O coronavírus e a (des)informação
Esperar que os jornais combatam a desinformação de forma gratuita é a melhor forma de ajudar as fake news a vencer.
Desde que o Covid-19 começou a alastrar, também se espalhou a desinformação. Sites de notícias falsas tentaram aproveitar o aumento do tráfego sobre o tema e mensagens falsificadas de supostos médicos começaram a ser disseminadas no WhastApp e no Facebook. As redes têm feito um esforço maior do que o normal para combater a desinformação, mas continuam a ser as grandes responsáveis pelas falsidades que circulam na internet.
Ao mesmo tempo, repetiram-se apelos nas redes sociais para que os jornais abrissem os seus conteúdos relacionados com o tema. Um dos argumentos era que os jornais ajudam à limitação da desinformação. É falso. O que ajuda à propagação da desinformação é a escala da mesma (provocada pelas redes sociais) e a propensão de cada um para acreditar em falácias que vão de acordo aos seus preconceitos.
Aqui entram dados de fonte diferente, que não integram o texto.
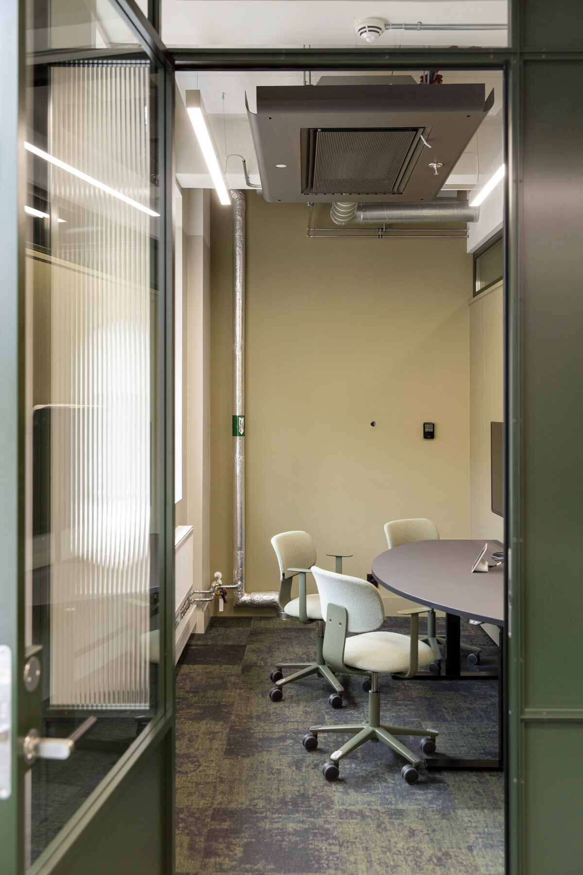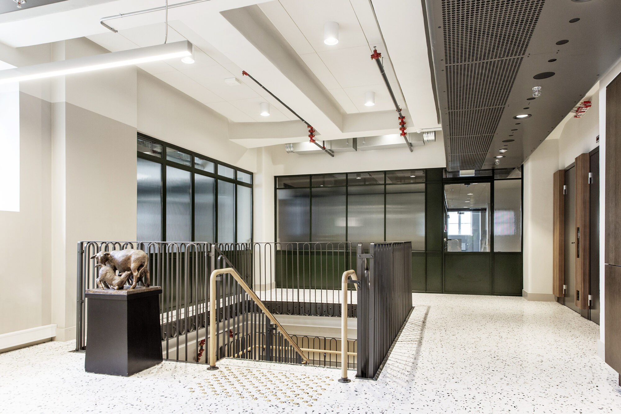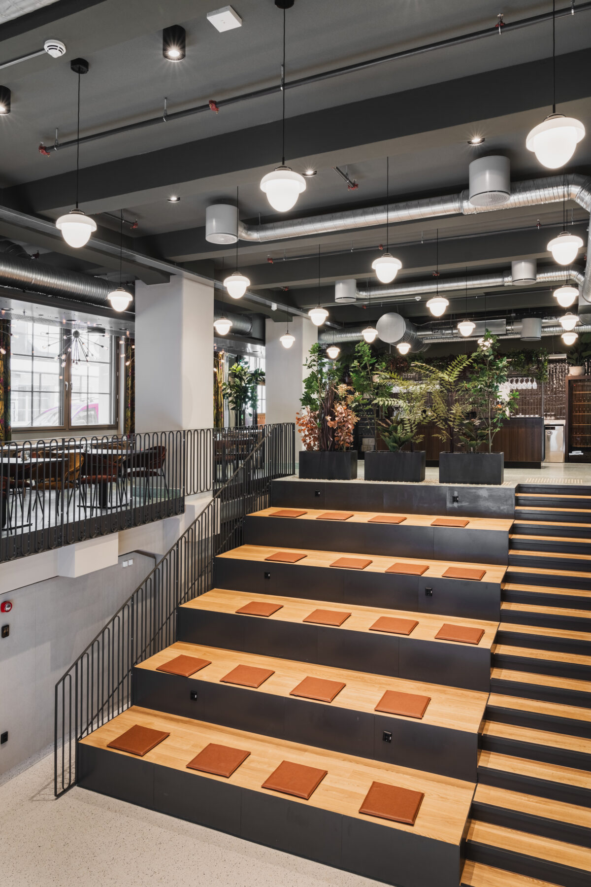 Trapperom og vestibyler er fredet. Himlingsmotiver er istandsatte og tilbakeført til originale farger. Spor etter hull i gulvet fra en tidligere heissjakt kan leses ved at terrazzoen i dette området har en annen valør enn den originale. Dører er istandsatt med teknikker brukt opprinnelig som ådring, eller erstattet med replika av originale i posisjoner der det har vært dører som er mistet. Foto: Dag SandvenI byggets første etasje er det en kantine som også kan brukes til restaurant-drift på kveldstid og i helger. Nye innganger har fått vindfang med glassvegger som bidrar til sonedeling av arealet. Foto: Dag SandvenLPO har tegnet nye lamper basert på bilder av originale lamper fra byggets opprinnelsesår. Foto: Dag SandvenDen opprinnelige hvelvdøren er renovert og har fått en ny posisjon som et smykke i kantinen. Foto: Dag SandvenEt hovedgrep for bygget har vært å åpne fasaden der det opprinnelig var lasteramper mot Schweigaardsgate i nordøst. Her er tette vegger erstattet med glassfelt som løper bak søylene for å gjøre denne åpenheten så nært opprinnelig uttrykk som mulig. Foto: Dag SandvenKontorlokalene har blitt lyse og fleksible arealer. Det har vært etterstrebet å gjøre den vakre ribbekonstruksjonen lesbar og det er derfor valgt et system med åpen teknikk der det langsgående tekniske ligger åpent over en metallflåte og ventilasjonsbaffler og annen teknikk er lagt inn mellom ribbene. Foto: Dag SandvenGlass-systemvegger er designet basert på bilder av de opprinnelige skilleveggene i bygget og det er benyttet rilleglass slik det var opprinnelig. Det er jobbet mye med en dempet material- og fargepalett som harmonerer med historien til bygget. Foto: Dag SandvenFoto: Dag SandvenEt stort atrie binder 1. etasje sammen med kjelleren. På den måten bringes lys og åpenhet ned til kjelleren og gjør det mulig å bruke det lokalet i sammenheng med kantine- og restaurant-området i plan 1. Foto: Dag SandvenDen sobre fargepaletten på de generelle kontorarealene har det vært enkelt for leietakerne å finne seg til rette i. Foto: LPO arkitekterI vestibylen i første etasje møtes man av tolletatens emblem som et minne om byggets opprinnelse. Den er tilbakeført med opprinnelige farger. Her har LPO designet en nye disk for barception inspirert av den originale resepsjonsdisken i bygningen. Foto: LPO arkitekterNy interntrapp er addert for å knytte leietakerareal sammen på tvers av etasjer. Foto: LPO arkitekterHovedadkomst for mange brukere av bygget går via sykkelparkeringen i kjelleren. Derfor er det lagt stor innsats i å gjøre den hyggelig. Når søylene fikk nytt sjikt med puss valgte vi å ikke dekke til de opprinnelige hjørneforsterkningene, men la dem få komme fram med sin patina og fortelle historien om hvordan bygget har vært brukt som mellomstopp for varer til fortolling. Foto: LPO arkitekterSchweigaardsgate er et strøk av byen som er i transformasjon. Bygningen er satt i stand og er klar for å ta imot de endringene som kommer. Foto: EntraBygningens eksteriør er fredet i sin helhet og vindusdetaljer og ornamentikk i fasaden er tilbakeført til sin opprinnelige fargesetting med originale malingstyper og teknikker. Foto: Entra

Por outro lado, argumentar que o trabalho informativo dos jornais é tão bom que tem de ser de graça é a subversão completa da sociedade em que vivemos. Os jornais precisam de sustentação financeira. Se não a têm, morrem, e com ela morre grande parte da liberdade e da democracia que temos. O dinheiro é necessário para pagar o serviço de qualidade que os jornais prestam – é aliás a crise financeira que tem limitado a qualidade dos média portugueses. A comida (e aparentemente o papel higiénico) também são bens de primeira necessidade. Alguém exige que sejam gratuitos? Alguém os oferece? Porque é que o jornalismo deve ser diferente?
Quem quer combater verdadeiramente as campanhas de desinformação devia antes pugnar por três aspetos:
- Exigir a regulação das plataformas sociais como o Youtube, o Facebook e o WhatsApp que continuam a ser o expoente máximo das falsidades;
- Promover um serviço público de alta qualidade que chegue a todos através da rádio, da televisão mas também através do digital;
- Promover a literacia digital a partir de muito cedo nas escolas e na família, de forma a reduzir o efeito das campanhas de desinformação.
Claro que, como de costume, os meios de comunicação também são responsáveis por toda esta situação. Em Portugal alguns meios que estão protegidos por uma assinatura decidiram abrir os seus conteúdos sobre o Covid 19. Mas não o fizeram por querer prestar serviço público – esse é apenas um argumento hipócrita que vai bem com o ar dos tempos. Fazem-no porque sugar os últimos tostões da economia do clique digital e aproveitar o tráfego extra que a ansiedade provoca. Com isso, os títulos cometem dois erros: por um lado, ainda valorizam o clique como fator relevante na sustentação do negócio; por outro, transmitem aos seus leitores que quando algo verdadeiramente importante acontecer, esses conteúdos jornalísticos estarão abertos a todos. Não há maior desincentivo para a fidelização a um título.
Tudo isto decorre da incapacidade de jornalistas e gestores encararem o jornalismo como um serviço que se presta à comunidade. Mas o jornalismo é precisamente isso: um serviço altamente qualificado que deve ser útil a quem o lê. O jornalismo não é uma arte, não é um produto de magia nem um mítico quarto poder. É um serviço que tem custos altos e que, em princípio, deve ser tão mais caro quanto melhor servir a comunidade a que se destina. Fazer o seu preço tender para zero desvaloriza-o e desqualifica o seu valor.
Bem melhor que os titulares destes meios de comunicação têm estado os estados europeus que, ao decretarem o fecho de estabelecimentos comerciais, mantém exceções para mercearias, farmácias e quiosques de jornais – a medida é simbólica, mas reveladora de uma mentalidade que coloca os jornais ao nível dos serviços essenciais e os valoriza. Seria bom que quem trabalha na informação seguisse o exemplo.
Ler mais: Quem quiser perceber como funciona uma empresa de média e as dificuldades de um jornalista em fazer o seu trabalho contra tudo e contra todos (incluindo outros jornalistas), fará bem em ler o El Director. É um relato na primeira pessoa do que se passou quando David Jimenez tomou posse como diretor do El Mundo – e só se diferencia do que se passa em algumas redações portuguesas pela escala.